◆ Required work
Nothing but the lines from the one containing "30x40 Cm Ledli" through the end of the data should be retyped, exactly as they stand, and pictures should not be retyped.

++++++++

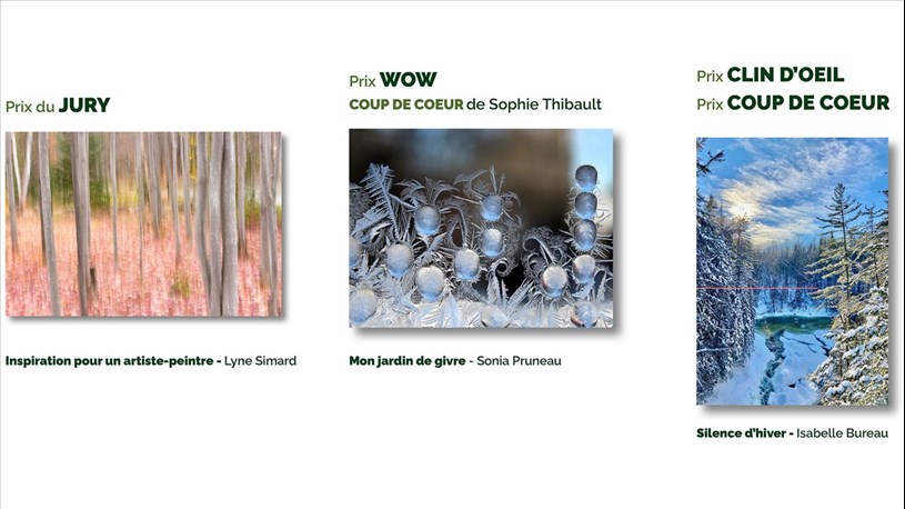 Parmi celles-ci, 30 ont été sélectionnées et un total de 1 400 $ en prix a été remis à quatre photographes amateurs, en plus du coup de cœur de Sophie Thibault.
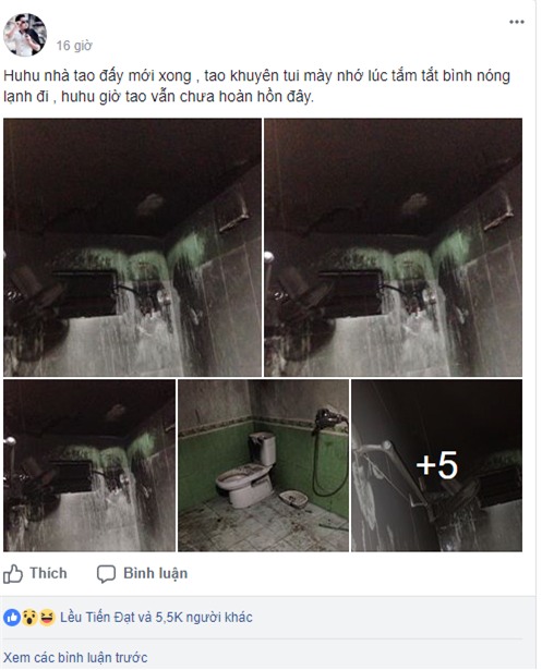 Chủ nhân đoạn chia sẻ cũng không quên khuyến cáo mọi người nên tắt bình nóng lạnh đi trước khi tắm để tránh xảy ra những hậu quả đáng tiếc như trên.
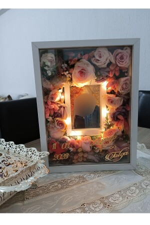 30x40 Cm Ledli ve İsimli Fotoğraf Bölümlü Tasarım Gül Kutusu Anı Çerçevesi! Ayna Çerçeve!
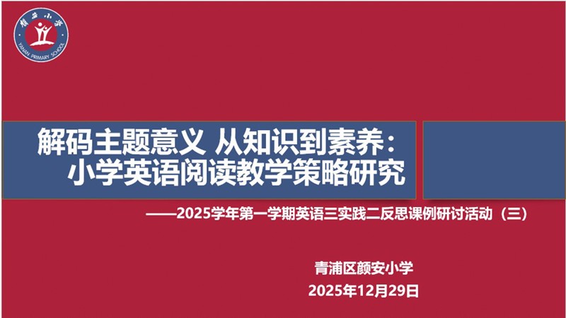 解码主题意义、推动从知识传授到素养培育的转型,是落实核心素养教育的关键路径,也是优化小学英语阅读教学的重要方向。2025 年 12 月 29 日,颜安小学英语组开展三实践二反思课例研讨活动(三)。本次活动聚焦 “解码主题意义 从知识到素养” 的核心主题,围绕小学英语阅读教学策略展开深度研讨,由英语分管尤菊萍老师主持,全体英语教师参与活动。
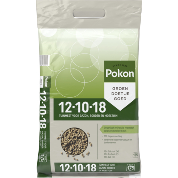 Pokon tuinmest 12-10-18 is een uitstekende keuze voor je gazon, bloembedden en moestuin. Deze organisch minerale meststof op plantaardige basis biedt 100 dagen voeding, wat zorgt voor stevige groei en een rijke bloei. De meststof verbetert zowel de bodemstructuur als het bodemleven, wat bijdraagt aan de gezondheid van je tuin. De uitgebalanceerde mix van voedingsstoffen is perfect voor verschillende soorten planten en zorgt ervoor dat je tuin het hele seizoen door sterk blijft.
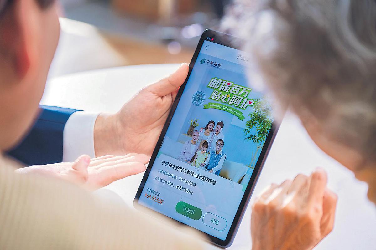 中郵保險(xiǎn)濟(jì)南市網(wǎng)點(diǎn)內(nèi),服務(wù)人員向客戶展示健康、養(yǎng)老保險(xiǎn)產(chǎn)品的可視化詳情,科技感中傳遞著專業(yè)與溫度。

++++++++

◆ Reply
 30x40 Cm Ledli ve İsimli Fotoğraf Bölümlü Tasarım Gül Kutusu Anı Çerçevesi! Ayna Çerçeve!
 解码主题意义、推动从知识传授到素养培育的转型,是落实核心素养教育的关键路径,也是优化小学英语阅读教学的重要方向。2025 年 12 月 29 日,颜安小学英语组开展三实践二反思课例研讨活动(三)。本次活动聚焦 “解码主题意义 从知识到素养” 的核心主题,围绕小学英语阅读教学策略展开深度研讨,由英语分管尤菊萍老师主持,全体英语教师参与活动。
 Pokon tuinmest 12-10-18 is een uitstekende keuze voor je gazon, bloembedden en moestuin. Deze organisch minerale meststof op plantaardige basis biedt 100 dagen voeding, wat zorgt voor stevige groei en een rijke bloei. De meststof verbetert zowel de bodemstructuur als het bodemleven, wat bijdraagt aan de gezondheid van je tuin. De uitgebalanceerde mix van voedingsstoffen is perfect voor verschillende soorten planten en zorgt ervoor dat je tuin het hele seizoen door sterk blijft.
 中郵保險(xiǎn)濟(jì)南市網(wǎng)點(diǎn)內(nèi),服務(wù)人員向客戶展示健康、養(yǎng)老保險(xiǎn)產(chǎn)品的可視化詳情,科技感中傳遞著專業(yè)與溫度。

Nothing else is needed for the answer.